- Born: Liège
- Occupation(s): Franco-Flemish composer and singer of the Renaissance

= Nicolas Champion =

Franco-Flemish composer and singer

Nicolas Champion (also Nicolas Liégeois, dis le Liégeois; c. 1475 - 20 September 1533) was a Franco-Flemish composer and singer of the Renaissance. He was a member of the renowned musical establishments of the Habsburg court, including the chapels of Philip I of Castile and Charles V. While with Philip's chapel he was a close associate of composers such as Pierre de La Rue, Marbrianus de Orto and Alexander Agricola.

==Life==
Champion was born in or near Liège, where he probably received his early training. Little information survives regarding his early life and the first record relating to his involvement with Philip's Grande chapelle, the Habsburg chapel choir, dates from 13 November 1501, prior to Philip's first trip to Spain. He was one of the few singers who remained with the chapel after Philip's death in 1506, maintained by his wife Joanna the Mad; for several years after Philip's death, Joanna traveled around Castile with his corpse in its coffin, having her chapel choir sing requiems to it each night, until her father Ferdinand I finally had her locked up in the fortress at Tordesillas.

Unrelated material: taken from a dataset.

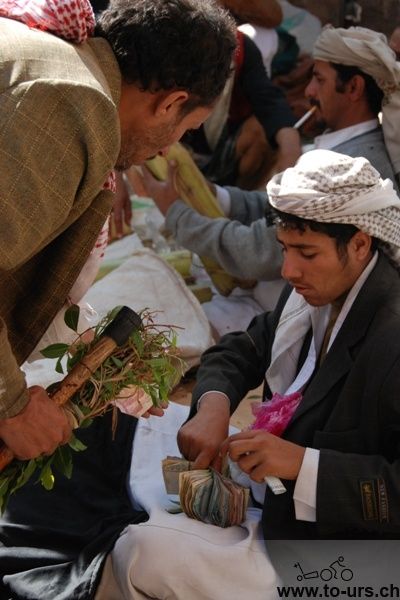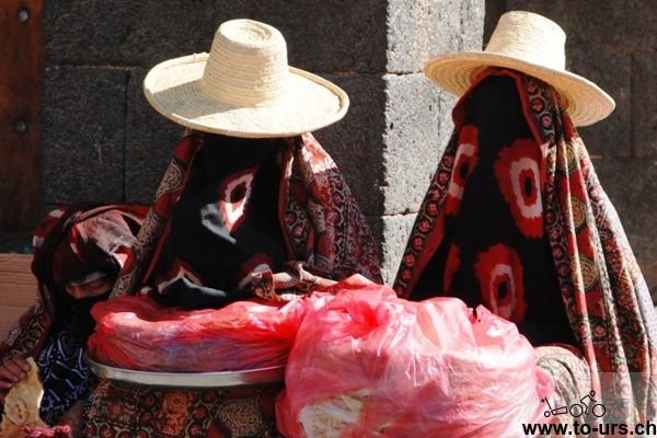 另外有一个不可不提的地方,就是也门的女性和家庭。在阿拉伯国家是允许一夫多妻制的,而且妇女的结婚年龄非常低,我们曾碰到过一个27岁的女性,她可是一个生育了11个小孩的母亲,最大的竟已16岁。。。而这种家庭现象在也门并不罕见,有一次我被邀请到一户人家参观,不大的卧室里满满的挤有十几张单人床,这家人有很多女性,英语都说得很好,但遗憾的是父亲不让他们出去工作。在也门,尽管法律上没有明文规定,但妇女都蒙面,所以女性游客在也门的穿着可是要小心谨慎了,短衣短裤的装扮可是等同于光着身子走路一样,会给自己招惹很多不必要的麻烦,戴上头巾更好。
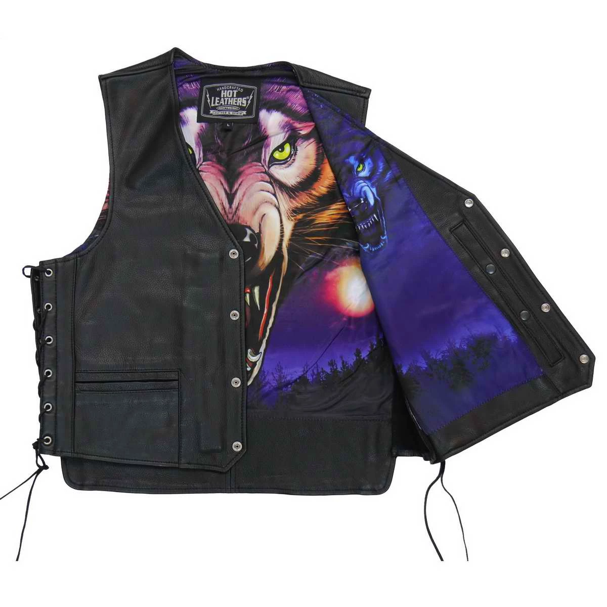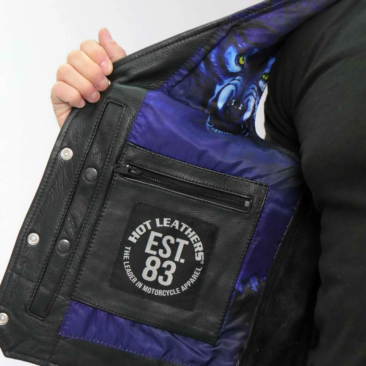 Hot Leathers VSM1062 Men’s Black ‘Lone Wolf’ Conceal and Carry Side Lace Leather Vest

After the dissolution of Joanna's chapel, Champion joined the chapel of Charles V. While there, he had a high status and was highly paid (according to court records) though he was always at a lower level than Pierre de La Rue. There is evidence that Champion may also have been associated with the court of Frederick the Wise, Duke of Saxony, for which he wrote a five-voice mass.

==Music==
While only six of his works survive with reliable attribution, the recent reevaluation of a four-voice setting of the De profundis (Psalm 130) (long attributed to Josquin des Prez) gives evidence of his quality as a composer.

Champion's surviving music includes two masses, both for five voices: Missa Maria Magdalena and Missa Ducis saxsonie: Sing ich niet wol; two psalm motets, one for four and one for six voices; and a secular song, Noch weet ick, in Dutch. The setting of De profundis, long attributed to Josquin, is relatively well-known: for example, Grout and Palisca's History of Western Music, often used in college music history courses, gives it as an example of Josquin's late style. The famous copyist Pierre Alamire attributed it to Champion in its earliest extant source, the manuscript VienNB Mus 15941, and the case has recently been made that the attribution should remain with Champion, for stylistic reasons.

Stylistically his music is similar to Josquin's in many respects, including its large-scale tonal organization, use of motifs and paraphrase, and motivic development. In addition he used florid, rhythmically active textures with many layers.